**Data excerpts:**

————————

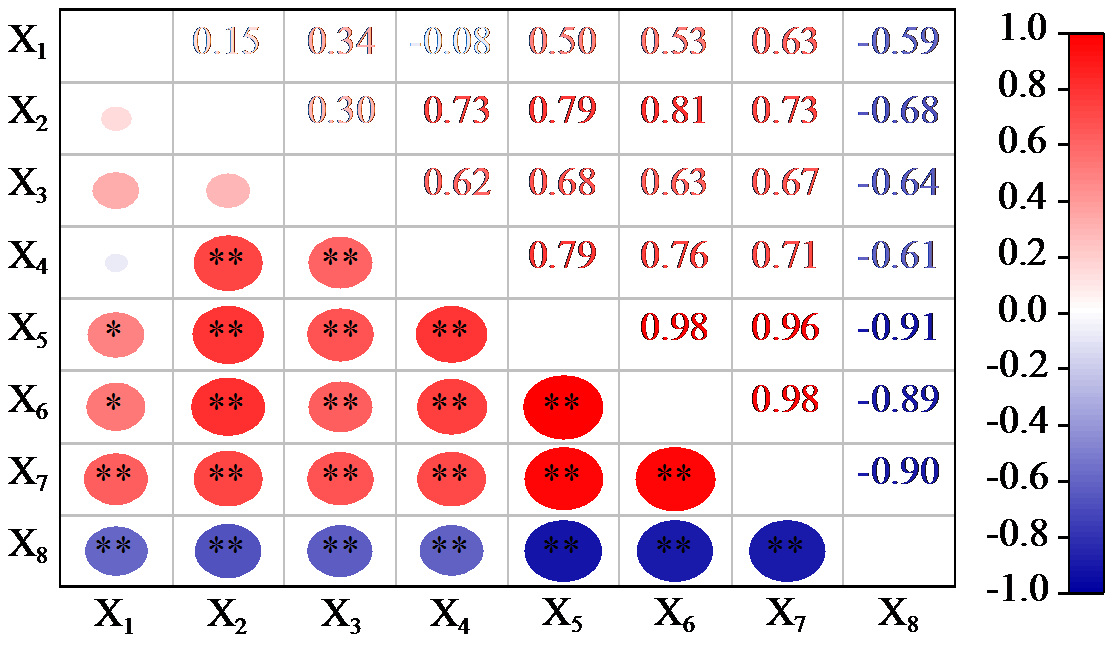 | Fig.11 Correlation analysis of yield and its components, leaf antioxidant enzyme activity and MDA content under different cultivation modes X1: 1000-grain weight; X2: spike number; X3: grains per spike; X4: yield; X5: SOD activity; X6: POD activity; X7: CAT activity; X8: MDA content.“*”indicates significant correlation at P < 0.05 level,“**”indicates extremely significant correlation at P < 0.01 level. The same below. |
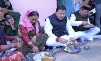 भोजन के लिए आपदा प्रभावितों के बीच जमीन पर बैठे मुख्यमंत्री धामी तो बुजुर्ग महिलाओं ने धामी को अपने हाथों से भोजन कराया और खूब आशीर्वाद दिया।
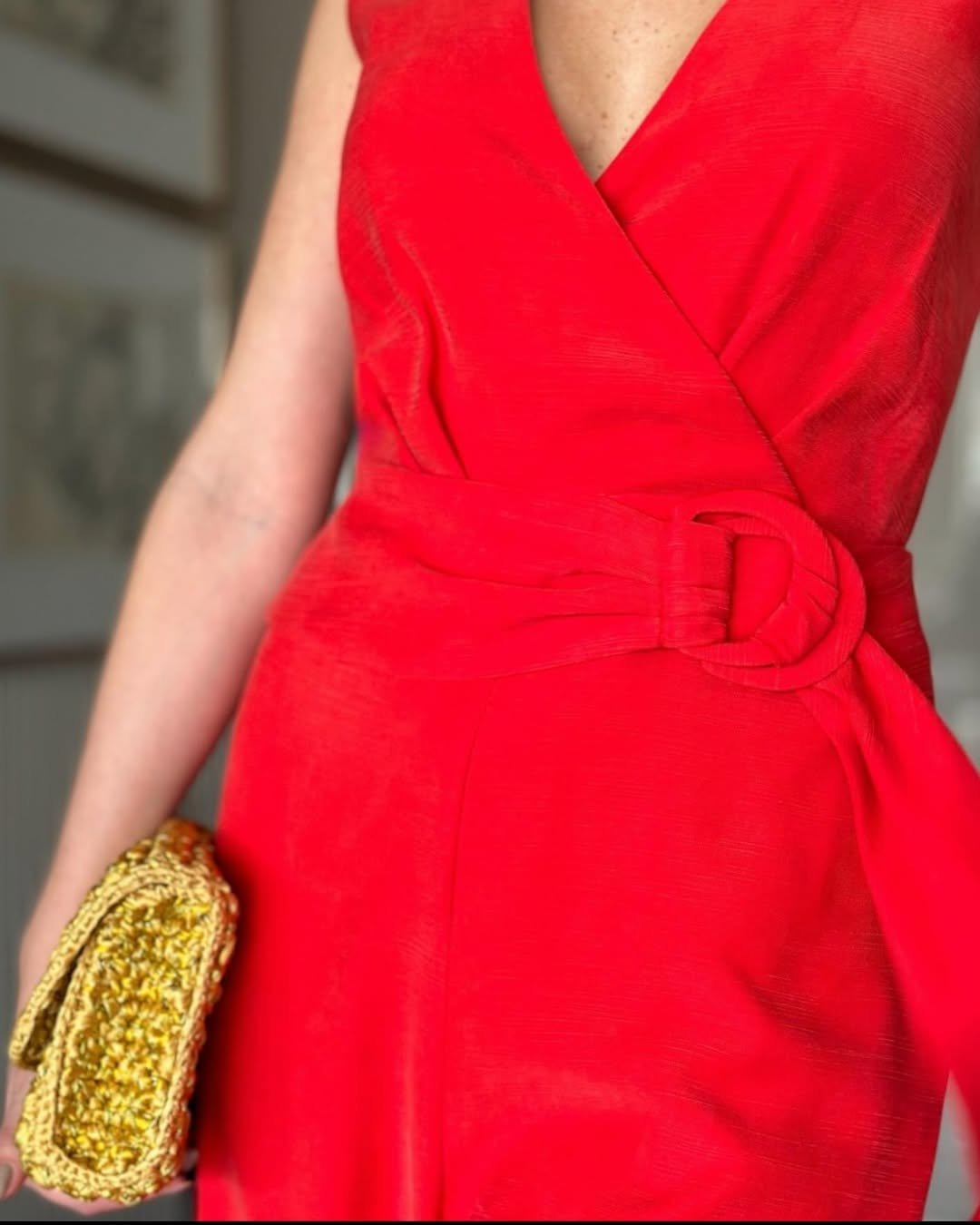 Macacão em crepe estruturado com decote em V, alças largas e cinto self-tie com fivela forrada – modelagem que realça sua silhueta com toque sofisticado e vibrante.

————————

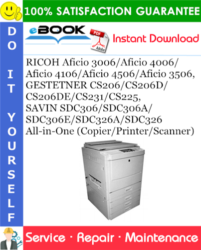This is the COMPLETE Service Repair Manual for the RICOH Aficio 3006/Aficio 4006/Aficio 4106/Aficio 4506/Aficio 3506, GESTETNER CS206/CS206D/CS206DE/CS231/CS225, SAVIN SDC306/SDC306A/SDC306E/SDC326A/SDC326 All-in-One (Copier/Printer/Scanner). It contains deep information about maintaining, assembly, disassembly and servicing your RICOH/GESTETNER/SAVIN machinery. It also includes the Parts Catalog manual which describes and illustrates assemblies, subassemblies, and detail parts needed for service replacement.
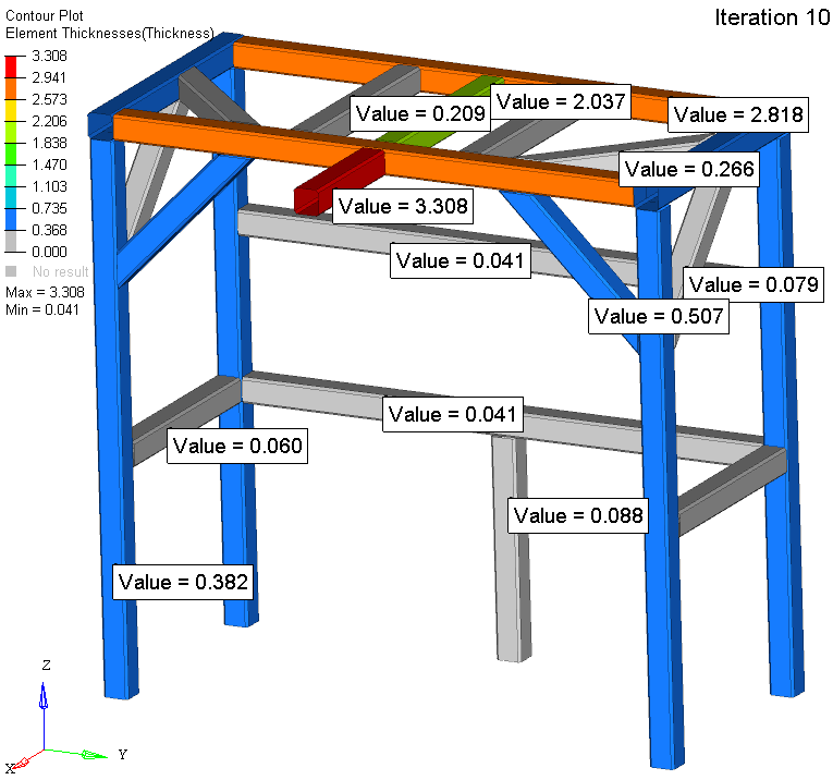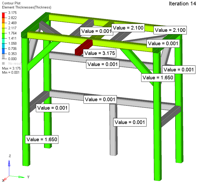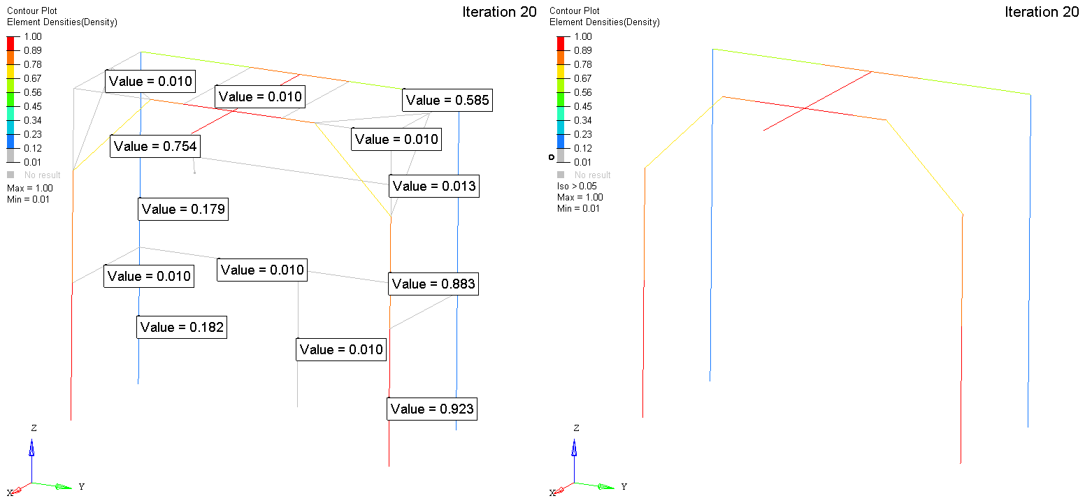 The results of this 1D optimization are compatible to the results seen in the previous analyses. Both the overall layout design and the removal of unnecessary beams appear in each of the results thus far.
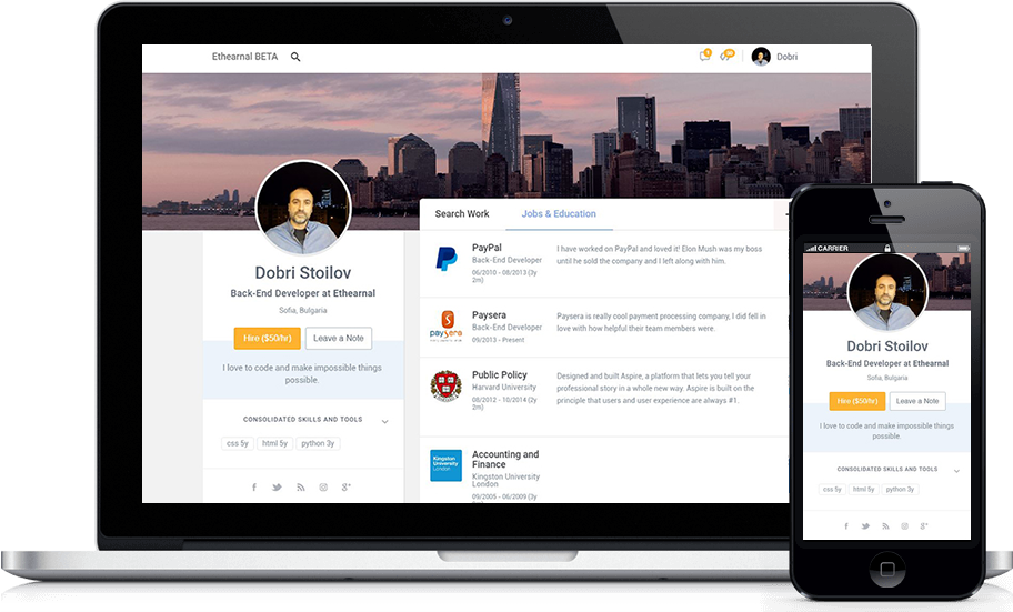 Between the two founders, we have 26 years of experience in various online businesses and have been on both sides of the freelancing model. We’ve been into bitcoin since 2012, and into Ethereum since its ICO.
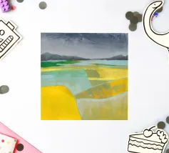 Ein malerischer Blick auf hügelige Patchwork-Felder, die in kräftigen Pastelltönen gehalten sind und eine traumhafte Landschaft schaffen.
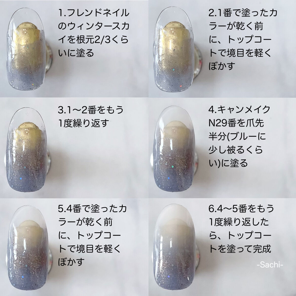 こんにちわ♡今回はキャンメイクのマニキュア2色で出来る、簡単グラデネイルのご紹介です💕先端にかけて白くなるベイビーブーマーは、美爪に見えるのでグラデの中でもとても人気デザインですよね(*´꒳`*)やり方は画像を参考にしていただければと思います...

————————

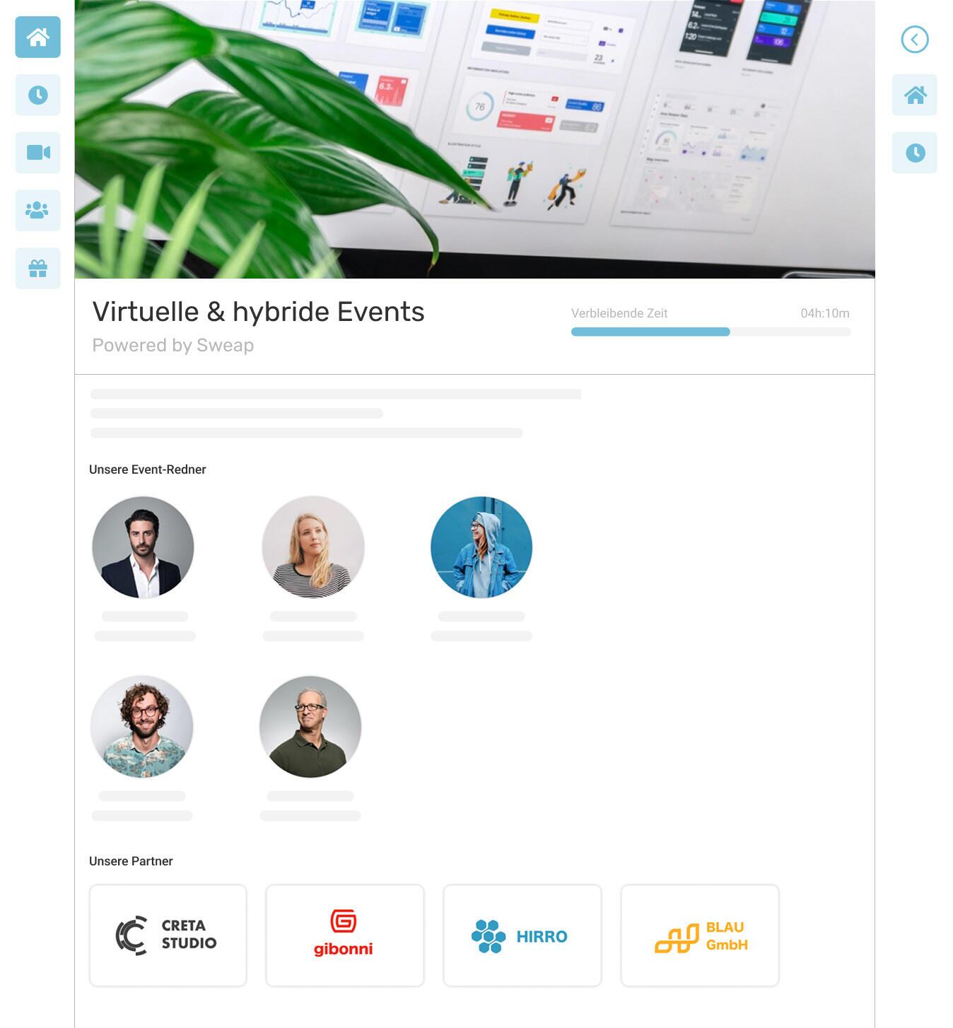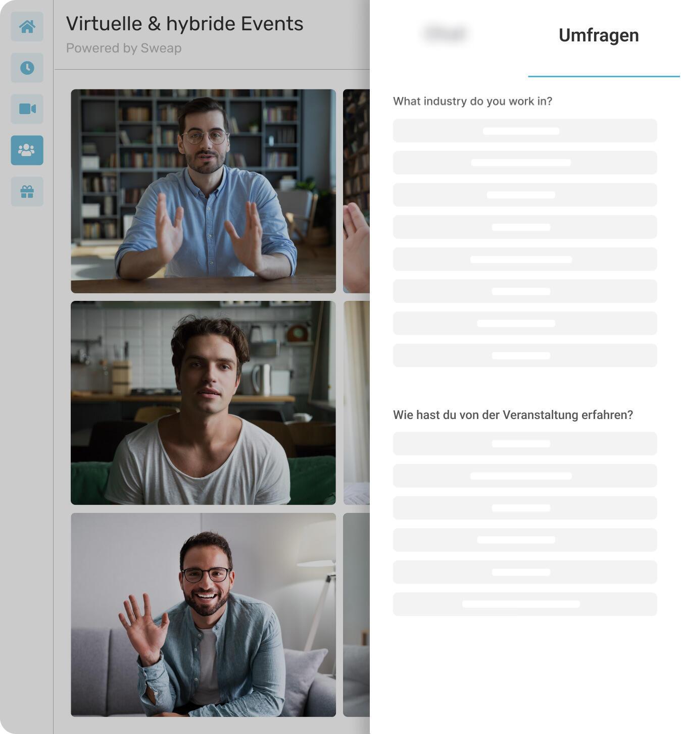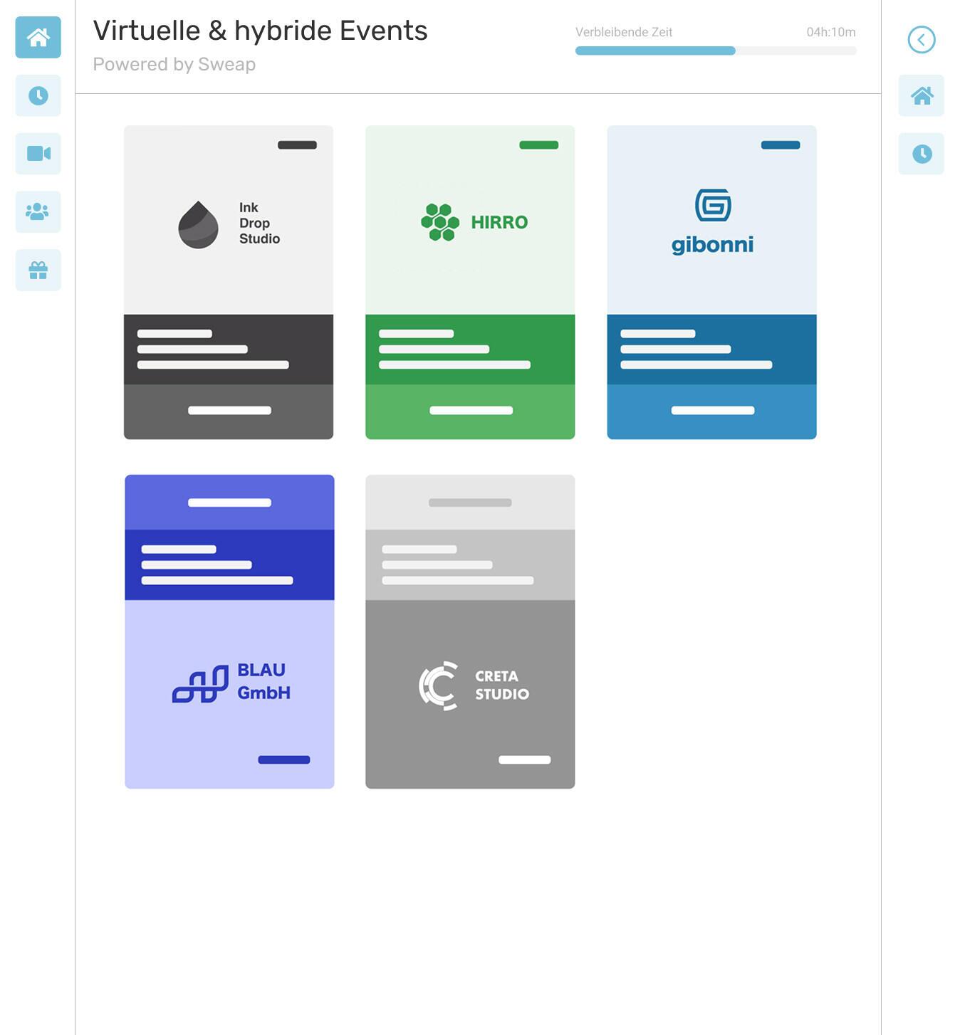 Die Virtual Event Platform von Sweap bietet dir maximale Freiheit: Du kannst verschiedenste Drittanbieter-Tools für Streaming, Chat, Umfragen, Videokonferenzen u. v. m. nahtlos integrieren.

————————

**Required work:**
Take only the lines above from the one that has "Between the two" through the one that has "こんにちわ♡今回はキャンメイ" and reproduce them exactly, omitting any pictures.

**Solved exercise:**
 Between the two founders, we have 26 years of experience in various online businesses and have been on both sides of the freelancing model. We’ve been into bitcoin since 2012, and into Ethereum since its ICO.
 Ein malerischer Blick auf hügelige Patchwork-Felder, die in kräftigen Pastelltönen gehalten sind und eine traumhafte Landschaft schaffen.
 こんにちわ♡今回はキャンメイクのマニキュア2色で出来る、簡単グラデネイルのご紹介です💕先端にかけて白くなるベイビーブーマーは、美爪に見えるのでグラデの中でもとても人気デザインですよね(*´꒳`*)やり方は画像を参考にしていただければと思います...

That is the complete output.